Tetranucleotides as Effectors for the Binding of Initiator tRNA to Escherichia coli Ribosomes

Oligonucleotides such as G‐A‐G‐G, which are complementary to the C‐U‐C‐C region at the 3′ end of 16‐S RNA, inhibit the R17‐RNA‐dependent binding of the initiator tRNA (fMet‐tRNA) to 30‐S ribosomal subunits. However, if phage RNA is replaced by A‐U‐G, the same oligonucleotides stimulate the binding of fMet‐tRNA to the 30‐S subunits. This indicates that the formation of the RNA · RNA hybrid acts as a positive control signal for the selection of the initiator tRNA by the 30‐S‐subunit · mRNA complex. Tetranucleotides of the type A‐U‐G‐N (where N = A, G, C or U) stimulate the IF‐2‐dependent binding of fMet‐tRNA to the 30‐S subunit more effectively than A‐U‐G, with A‐U‐G‐R better than A‐U‐G‐Y (where R is a purine nucleoside and Y is a pyrimidine nucleoside). Since the 3′‐terminal adenosine in A‐U‐G‐A can be replaced by 6‐deamino‐adenosine, a stacking type of interaction between U‐33 of tRNA and N of A‐U‐G‐N should additionally stabilize the codon‐anticodon complex.
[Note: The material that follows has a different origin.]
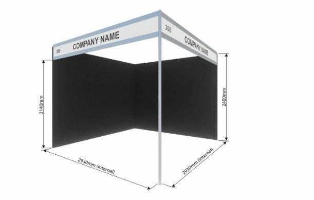 FASCIA SIGNAGE: Two 240mm High WHITE panels with 90mm High BLACK lettering displaying your company name. Fascia signs are provided to all open sides of your booth.

The situation is strictly reversed for 70‐S ribosomes where A‐U‐G is the best codon followed by A‐U‐G‐U, A‐U‐G‐C, A‐U‐G‐G and A‐U‐G‐A. Replacement of GTP by guanosine 5′‐[β, γ‐methylene]triphosphate (Guo PP [CH 2 ] P ] results in A‐U‐G‐A becoming more efficient than A‐U‐G as the codon for the binding of fMet‐tRNA to 70‐S ribosomes. This indicates that IF‐2 and GTP hold the anticodon of the fMet‐tRNA in a conformation capable of binding to a tetranucleotide codon. GTP hydrolysis and release of IF‐2 from the 70‐S ribosome results in a change of the tertiary structure of fMet‐tRNA as a consequence of which the initiator tRNA reassumes the conformation which preferentially binds to A‐U‐G.